Equation of common tangent(s) of x^2-y^2 = 12 and xy = 8 is (are)???
Answers
equation of curves are ; x² - y² = 12 and xy = 8
we have to find common tangents.
let y = mx + c is the common tangent of given curves.

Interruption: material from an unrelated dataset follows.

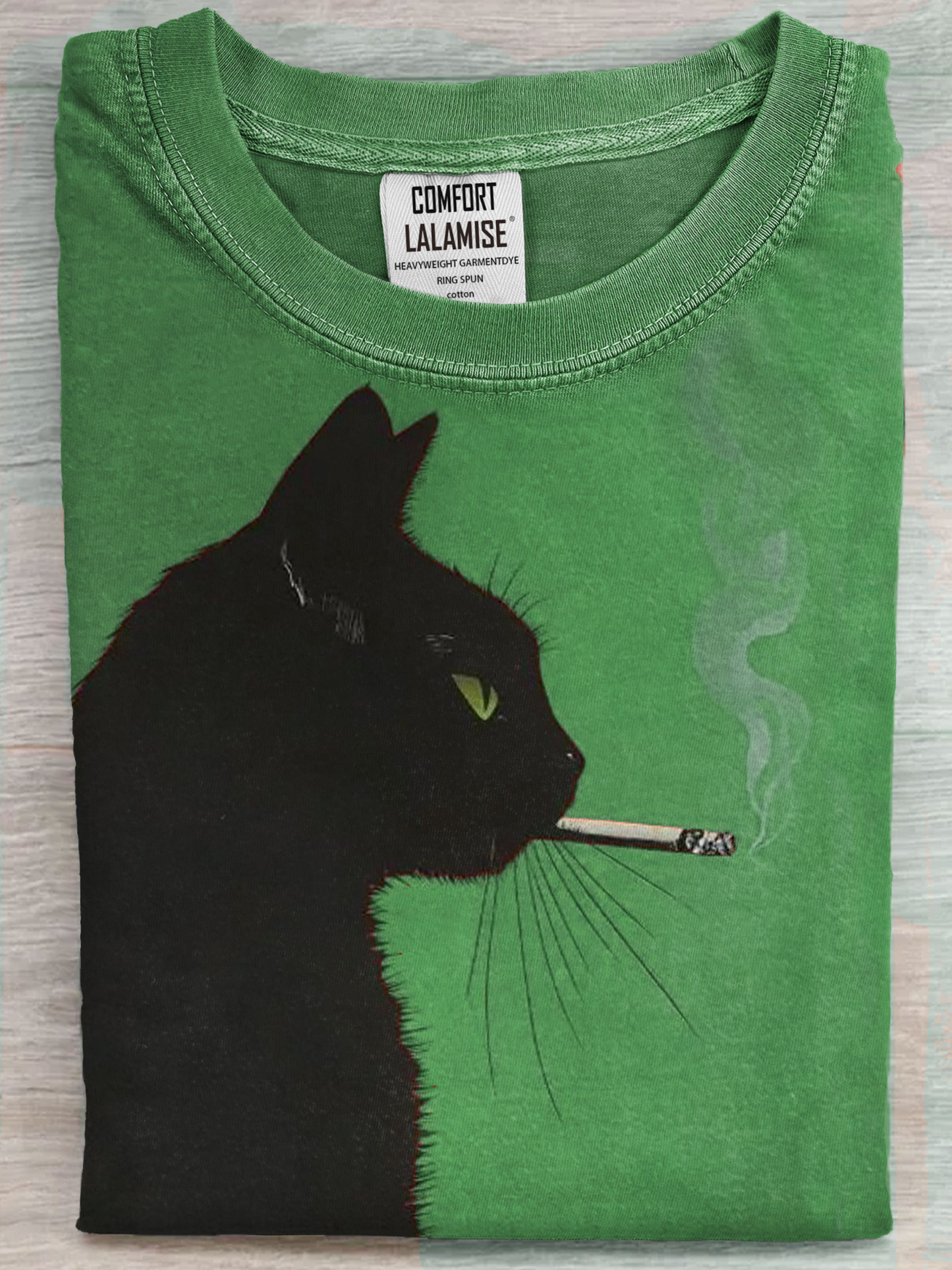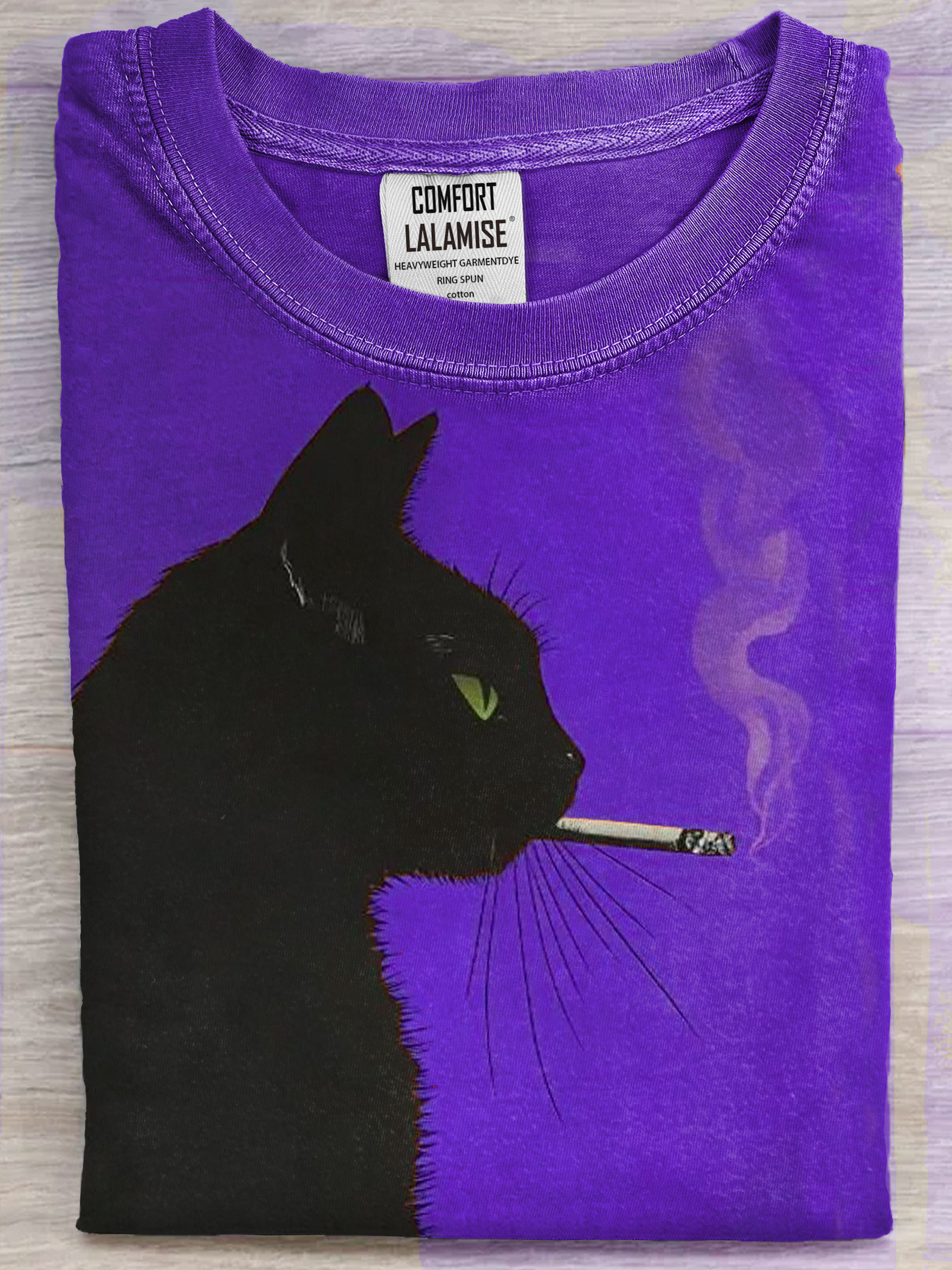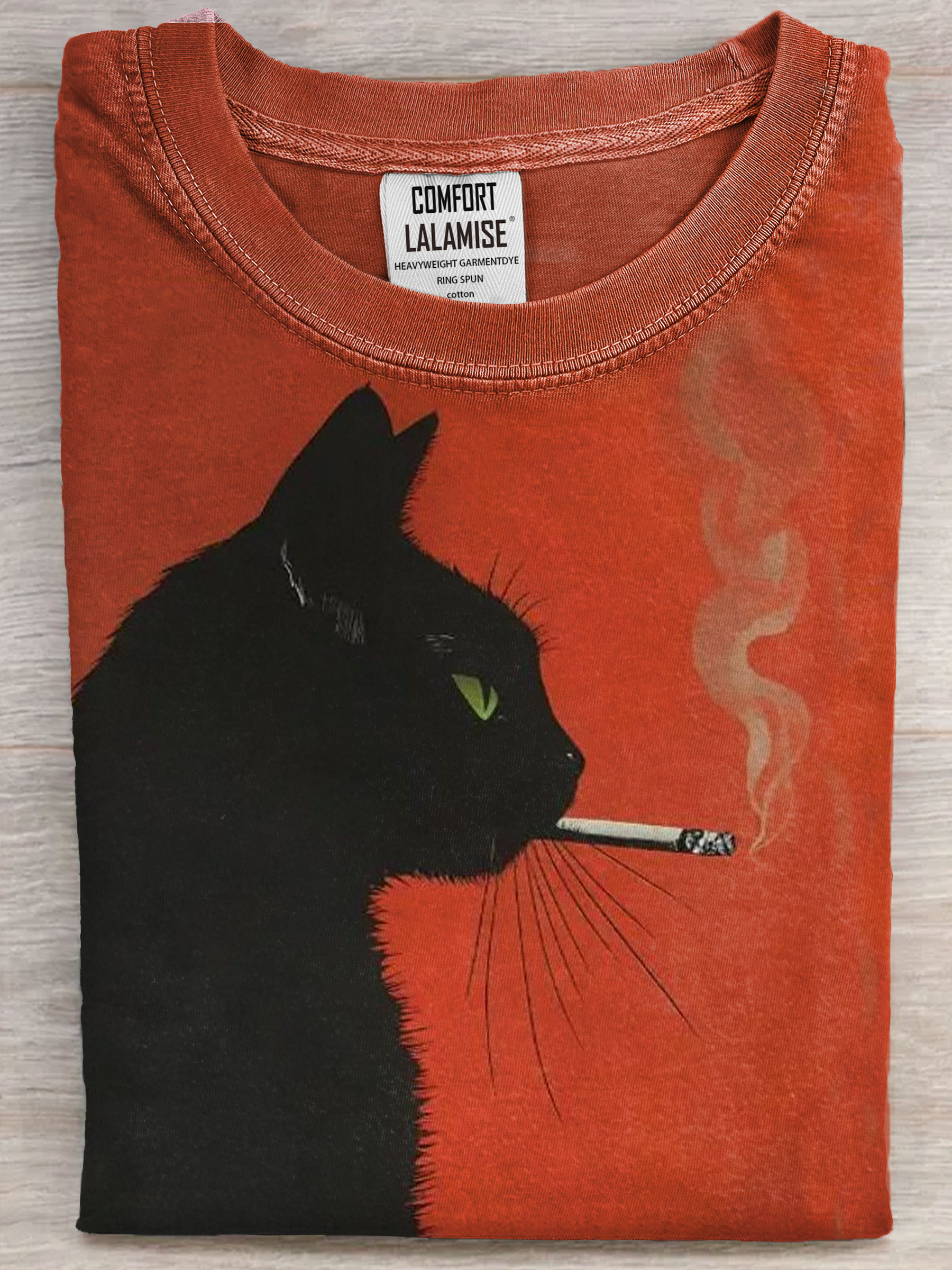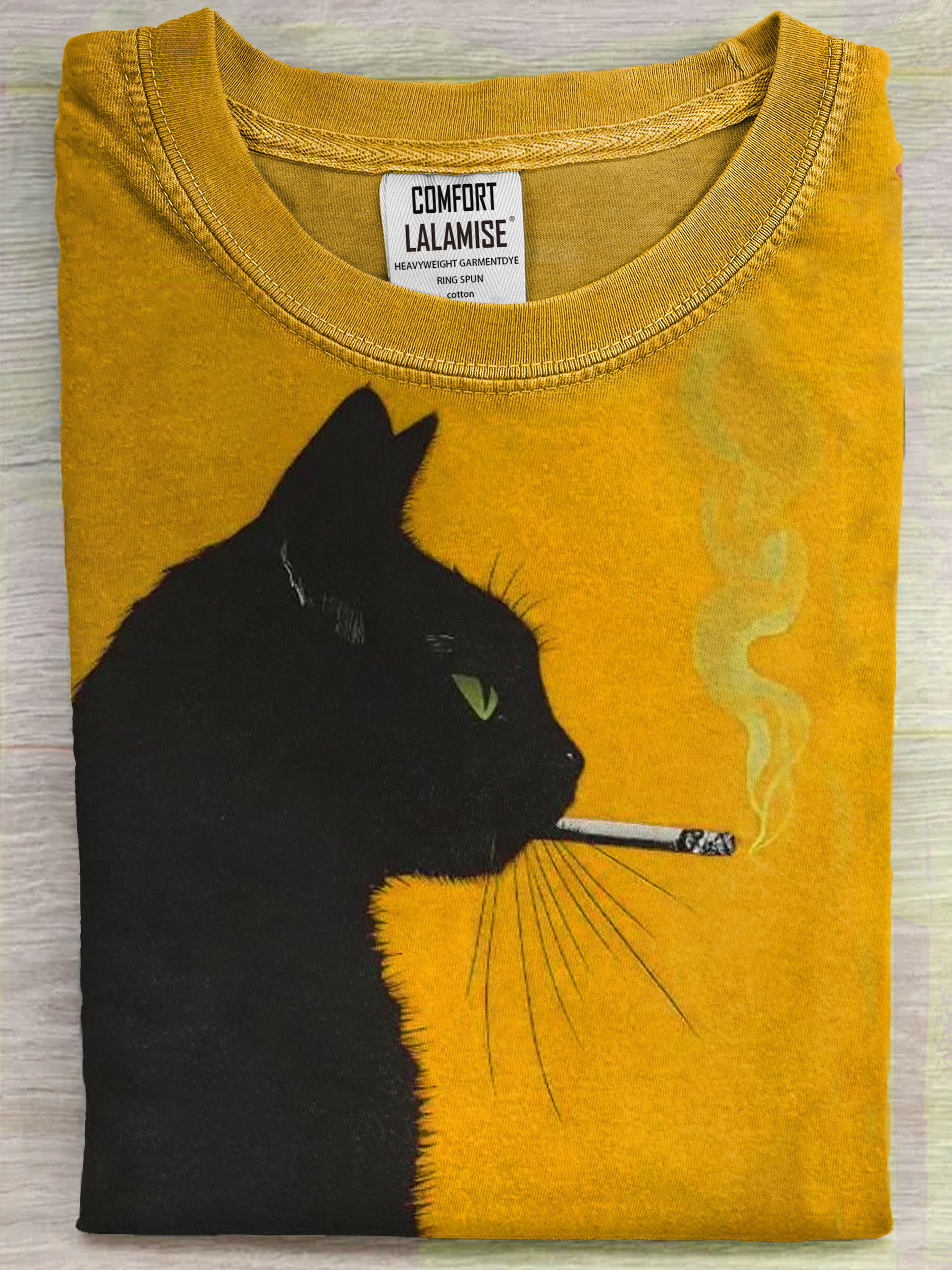 Black Cat Smoking a Cigarette Vintage Art Print Casual Short Sleeve T-shirt

so, it satisfies both the curves.
x(mx + c) = 8
⇒mx² + cx - 8 = 0
Discriminant = c² + 4(-8)m = 0
or, c² - 32m = 0 ......(1)
again, x² - (mx + c)² = 12
⇒x² - m²x² - c² - 2mcx = 12
⇒(1 - m²)x² - 2mcx - c² - 12 = 0
so, discriminant = (-2mc)² -4{-(c² + 12)(1-m²)} = 0
or, 4m²c² + 4(c² + 12)(1 - m²) = 0
or, m²c² + c² - c²m² + 12 - 12m² = 0
or, c² + 12 - 12m² = 0......(2)
from equations (1) and (2),
32m + 12 - 12m² = 0
or, 12m² - 32m - 12 = 0
or, 3m² - 8m - 3 = 0
or, 3m² - 9m + m - 3 = 0
or, 3m(m - 3) + (m - 3) = 0
or, (3m + 1)(m - 3) = 0
or, m = 3, -1/3
and c² = 32m = 96, but c² ≠ -32/3
so, m ≠ -1/3
c² = 96 ⇒c = ±4√6
hence, equation of common tangents are y = 3x + 4√6 and y = 3x - 4√6 are common tangents of curves.